CTA was one of the lowest-scoring dimensions in the entire set. The scene repeats endlessly: a header button, a hero button, three pricing buttons, a newsletter box, a chat bubble, a footer stuffed with links. Every one of them is a door out.

When you emphasize everything, you emphasize nothing. One consultant's page had "Buy Now" buttons and no single dominant action — and, tellingly, no price beside any of them. Pages that convert pick one next step, make it impossible to miss, and quietly demote the rest. One page, one job.

04Flagged on 14% of pages

Proof that's there — and useless.

Two ways it fails: there's none at all, or it's buried in the basement above the footer reading "Great service! — A Customer."

A testimonial earns its place when it's specific, attributed, and sitting where the doubt is — next to the price, next to the button. Lead with your single most concrete, most human line. "A Customer" has never convinced anyone of anything.

05Flagged on 12% of pages

No price, no scope, no idea what I'm walking into.

A silent killer, because nobody complains — they just leave. It's worst on service and coaching pages: a confident "Book a call," zero signal of price, scope, or what happens next. The visitor's real question is can I afford this, and is it for someone like me? — and the page declines to answer.

You don't need an exact number. A range, a "starts at," a "who this is for and who it isn't." Remove the uncertainty and you remove the exit.

06Urgency averaged 2.76/10 — weak on 94% of pages

No reason to act now. (The big one — with an honest asterisk.)

The single most damning number in the dataset. Nearly nobody gives a reason to act today instead of "someday," which is the polite word for never.

And yet this sits at six, not one — because low urgency is often correct.
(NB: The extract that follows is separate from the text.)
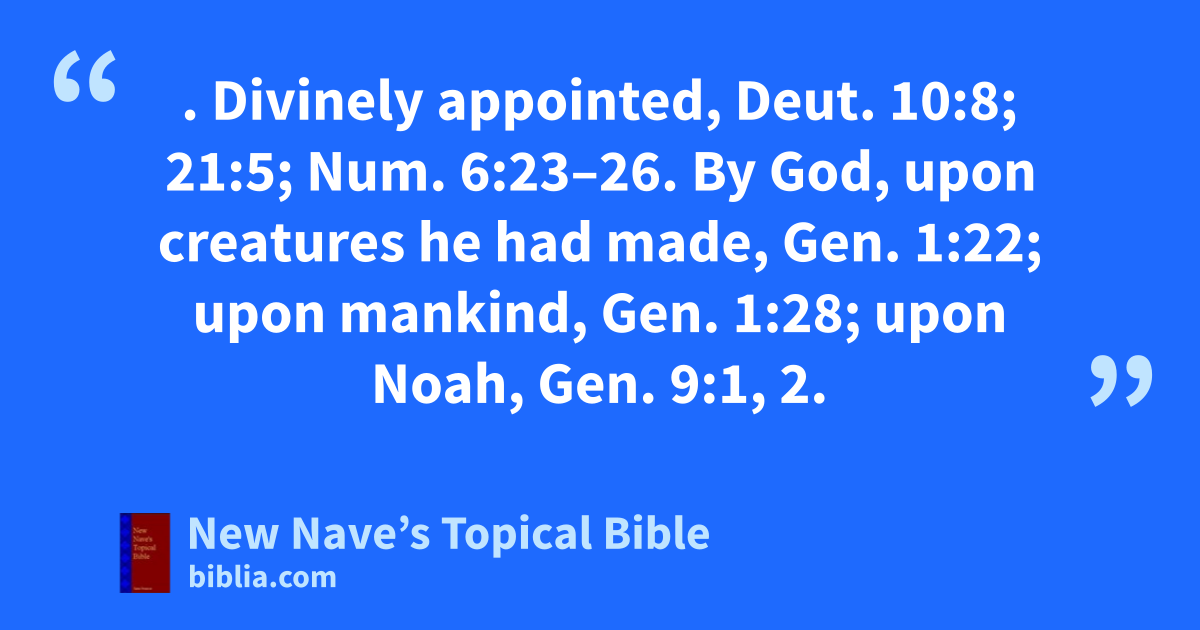 BENEDICTIONS. Divinely appointed, Deut. 10:8; 21:5; Num. 6:23–26. By God, upon creatures he had made, Gen. 1:22; upon mankind, Gen. 1:28; upon Noah, Gen. 9:1, 2.

An evergreen listing doesn't need a countdown, and fake scarcity (the timer that resets when you refresh) torches trust faster than it builds it.

The move is to find the true reason now beats later — a cohort that closes, a price that's genuinely rising, a problem compounding while they wait — and say it plainly. If there's a real one, name it. If there isn't, never fake it.

07Flagged on 9% of pages

It's slow.

Heavy scripts, uncompressed images, five third-party tags deep. It doesn't matter how sharp your copy is if a third of phone visitors bounce before it paints. Compress your images, cut the tags you don't use, and test on a real phone on real signal — not your office fiber.

08Flagged on 9% of pages

The stranger test.

Trust gaps: no real "about," no guarantee or security cue near the payment field, a contact path that feels like shouting into a void. A first-timer is asking one quiet question — is this a real business that'll deliver and not misuse my card? — and most pages never answer it. Put your guarantee, your face, and your security signals where the decision happens, not on a page nobody clicks.

09Flagged on 5% of pages

The unanswered "yeah, but…"

Small in count, but it punches up, because one hanging objection loses a ready buyer. Will this work for my situation? What if it doesn't? How long until I see anything? Name the three reasons an interested person hesitates and answer each one out loud. Silence reads as "they don't have a good answer."

10Flagged on 5% of pages

On the phone, the message dies below the fold.

The most avoidable one. A hero that's gorgeous on a laptop shoves the promise and the button far below the first screen on a phone — which is where most of your traffic actually is. Design the mobile first screen on purpose. Promise and button, both visible, zero scroll.

The one thing to remember

Read the list top to bottom and the same fault runs through almost all of it: the page describes itself when it should be selling to a specific, skeptical human. It states a category instead of a promise, asserts instead of proves, offers ten doors instead of one, and goes quiet on the exact questions a buyer is asking.

Notice what's not on the list: design. Nearly every page we scored badly looked good — some looked beautiful. Looking good and converting are different jobs, and the second one is mostly clarity, specificity, and respect for four seconds of a stranger's attention.

The encouraging part: none of this needs a rebuild. The highest-impact fixes in our reports are words and order — changes you can ship this afternoon.

Which of these ten is your page making right now?